* _Exercise_
Up to and including the line with "しかし、それをいいことに充の", restate every line of the records below word for word, from the first line on, leaving out the pictures.

★ ★ ★

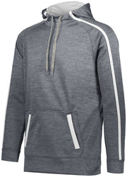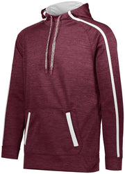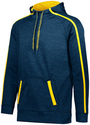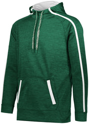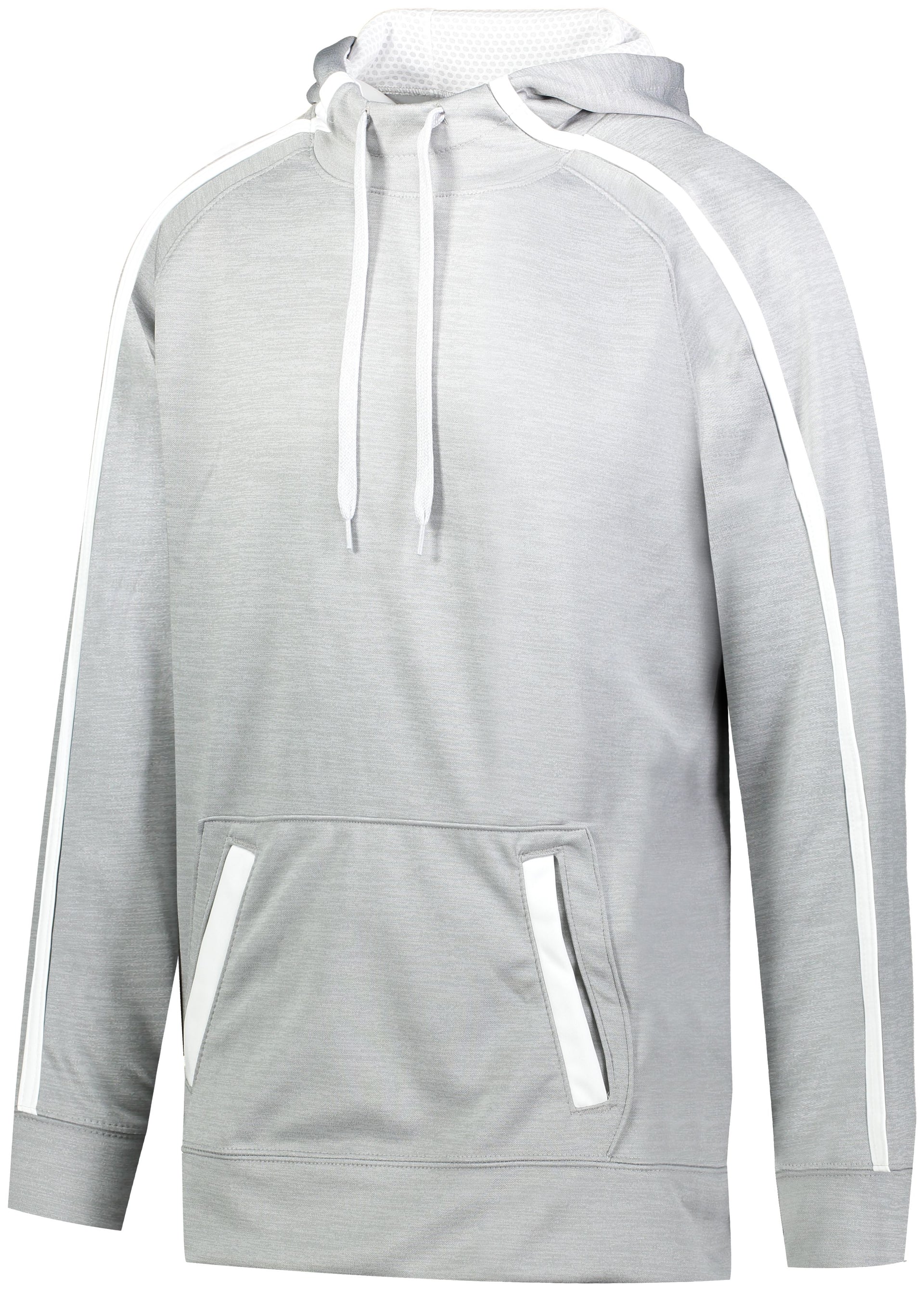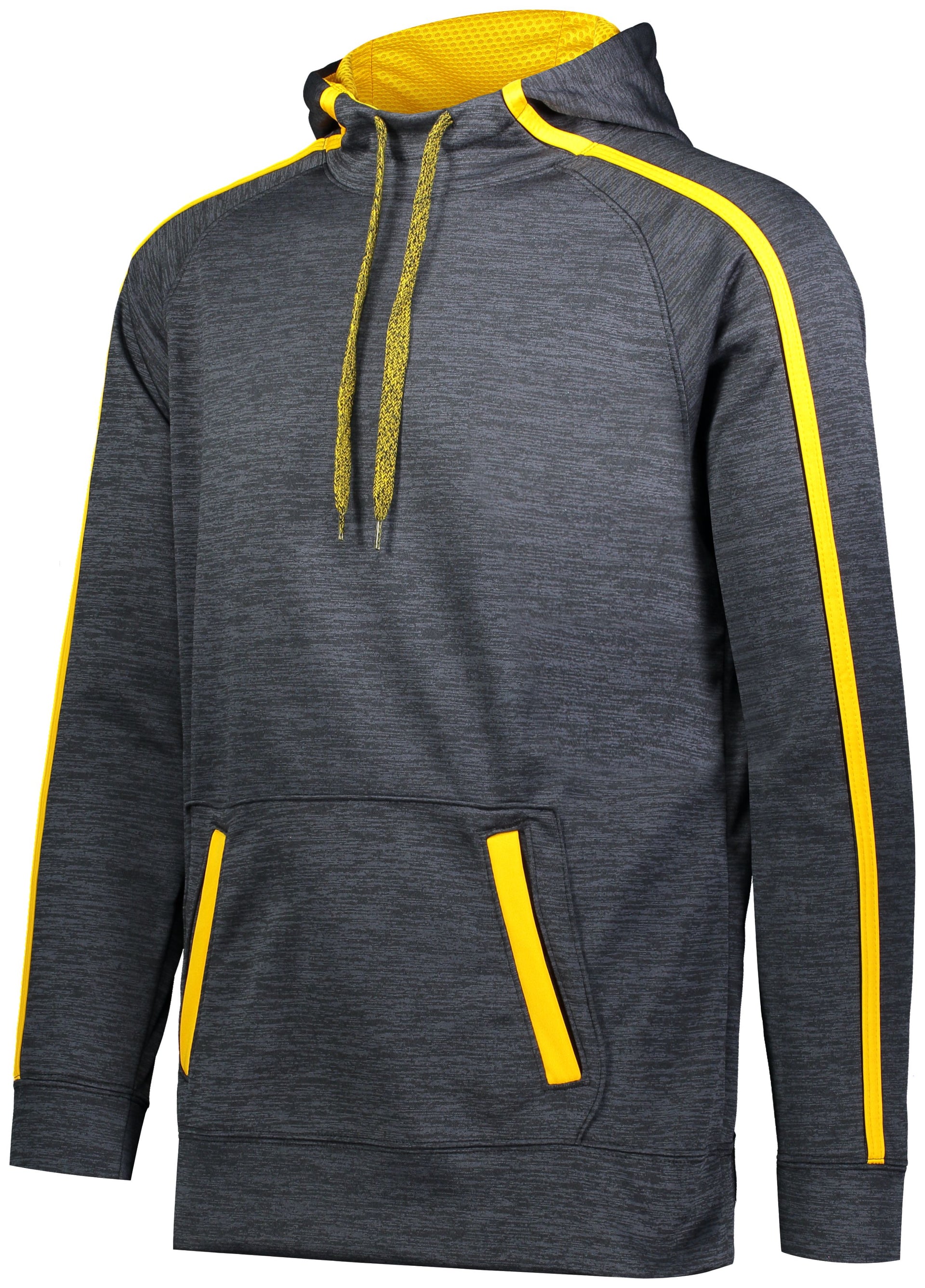 7.1 ounce 100% polyester tonal performance wicking fleece * 100% polyester performance wicking fleece solid contrast inserts and pocket welts * 3.35 ounce, 100% polyester mesh hood lining * Wicks moisture * Tagless label * Scuba shaped 3-piece hood with contrast color lightweight mesh lining and heathered tipped drawcord on Adult sizes only * Contract color sleeves stripes and front welt pockets * Raglan sleeves * Front pouch pocket * Self-fabric cuffs and bottom band
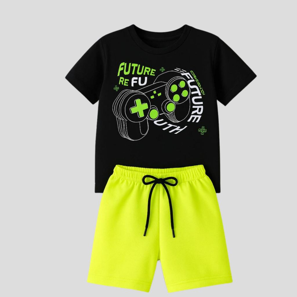 Kit 10 Peças de Roupas Infantil Menino Sortidos 5 Camisas + 5 Bermudas - Kit 5 Conjuntos Algodão
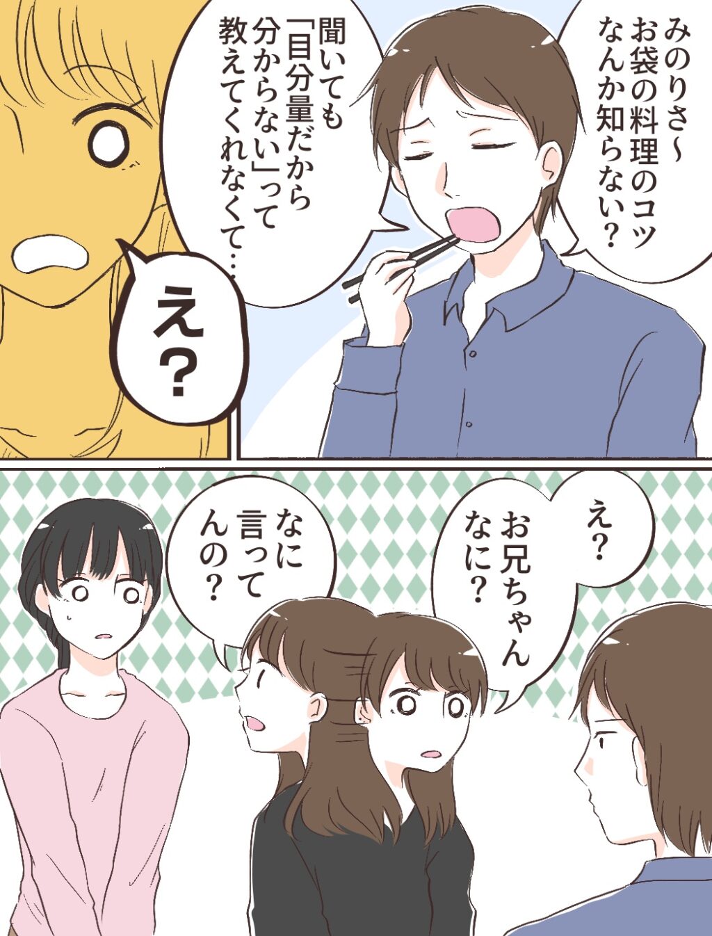 しかし、それをいいことに充の小言はますますエスカレート。「みのりさ~お袋の料理のコツなんか知らない?聞いても『目分量だから分からない』って教えてくれなくて」と、みのりちゃんにまで話を振り始めました。するとみのりちゃんは「え?お兄ちゃんなに?なに言ってんの?」と、ぽかんとした表情を浮かべます。
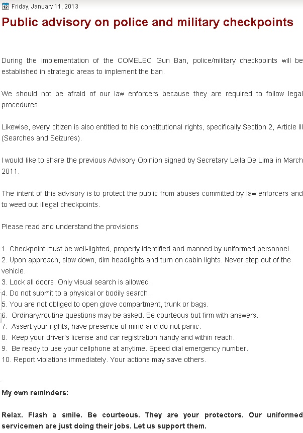 I received this email from our Security manager and thought it is a very useful information for everyone to know . Election is getting nearer and we are expecting several checkpoints. As a commuter, you have rights too. Know them. Ignorance excuses no one. Let's support our service men.
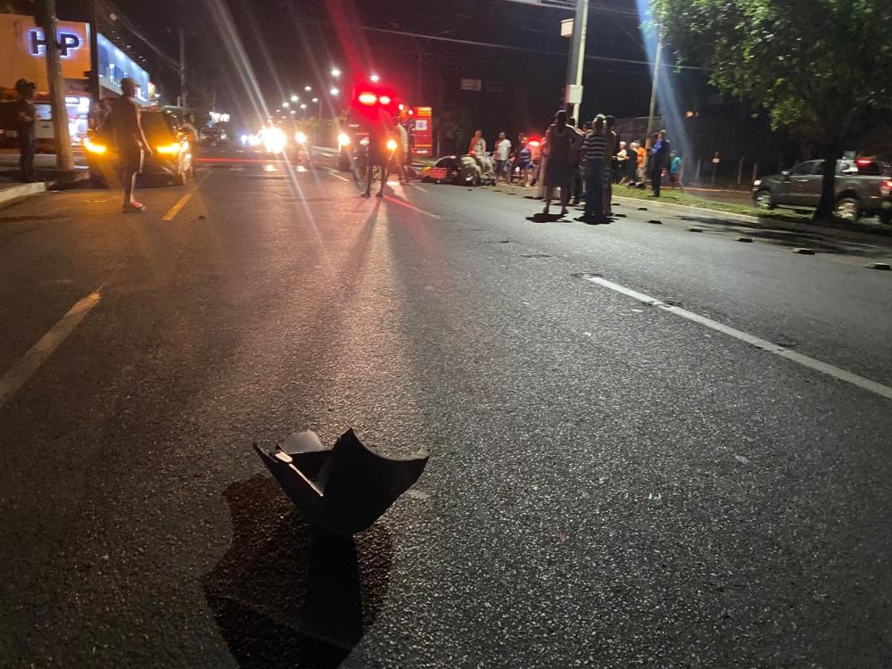 Moto esportiva bate violentamente em carro e atinge outros dois veículos em Três Lagoas
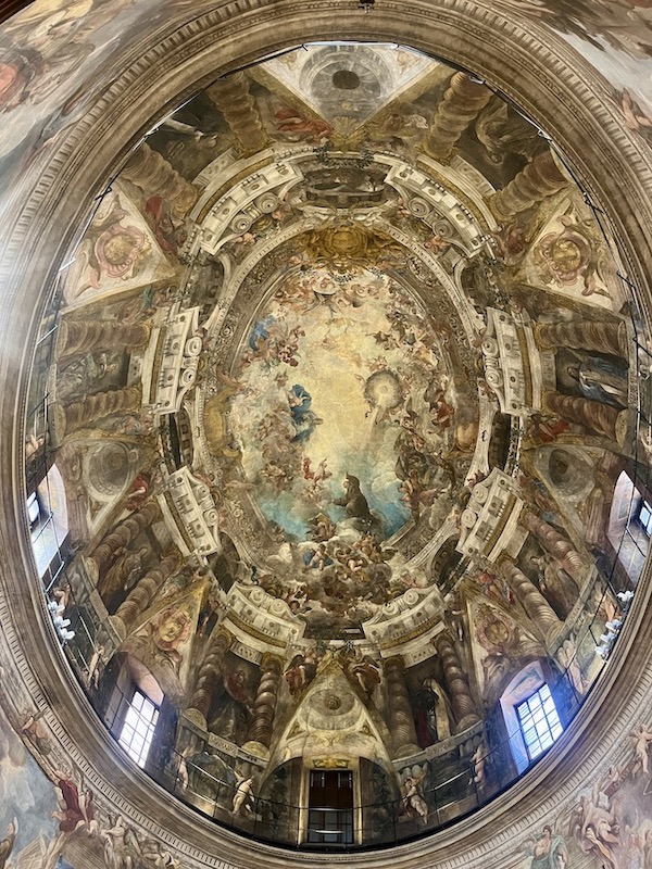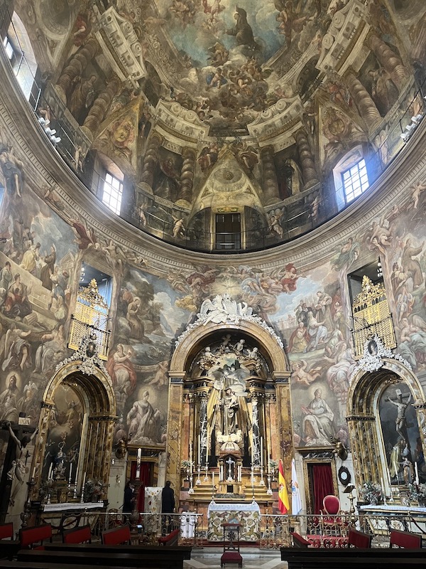 On asking Olga about her favourite places in her city she told us of Iglesia de San Antonio de los Alemanes (Church of Saint Anthony of the German) on the corner of Calle de la Puebla and Corredera Baja de San Pablo. Our final stop of the day, this 17th century baroque building dates to 1620, originally ordered by King Felipe III when Portugal was under Spanish rule for Portuguese migrants. When Portugal gained independence the name was changed and it was dedicated as a refuge to German immigrants. It is covered with frescoes…every space filled by a painting, apparently one includes the wife of painter Luca Giordano who alongside the painter Francisco Ricci created this incredible display. I have never seen a church so completely painted…the eyes rove overwhelmed by an excess of beauty which is softened by the diffused light entering the windows high in the dome.

★ ★ ★

* _Written response_
 7.1 ounce 100% polyester tonal performance wicking fleece * 100% polyester performance wicking fleece solid contrast inserts and pocket welts * 3.35 ounce, 100% polyester mesh hood lining * Wicks moisture * Tagless label * Scuba shaped 3-piece hood with contrast color lightweight mesh lining and heathered tipped drawcord on Adult sizes only * Contract color sleeves stripes and front welt pockets * Raglan sleeves * Front pouch pocket * Self-fabric cuffs and bottom band
 Kit 10 Peças de Roupas Infantil Menino Sortidos 5 Camisas + 5 Bermudas - Kit 5 Conjuntos Algodão
 しかし、それをいいことに充の小言はますますエスカレート。「みのりさ~お袋の料理のコツなんか知らない?聞いても『目分量だから分からない』って教えてくれなくて」と、みのりちゃんにまで話を振り始めました。するとみのりちゃんは「え?お兄ちゃんなに?なに言ってんの?」と、ぽかんとした表情を浮かべます。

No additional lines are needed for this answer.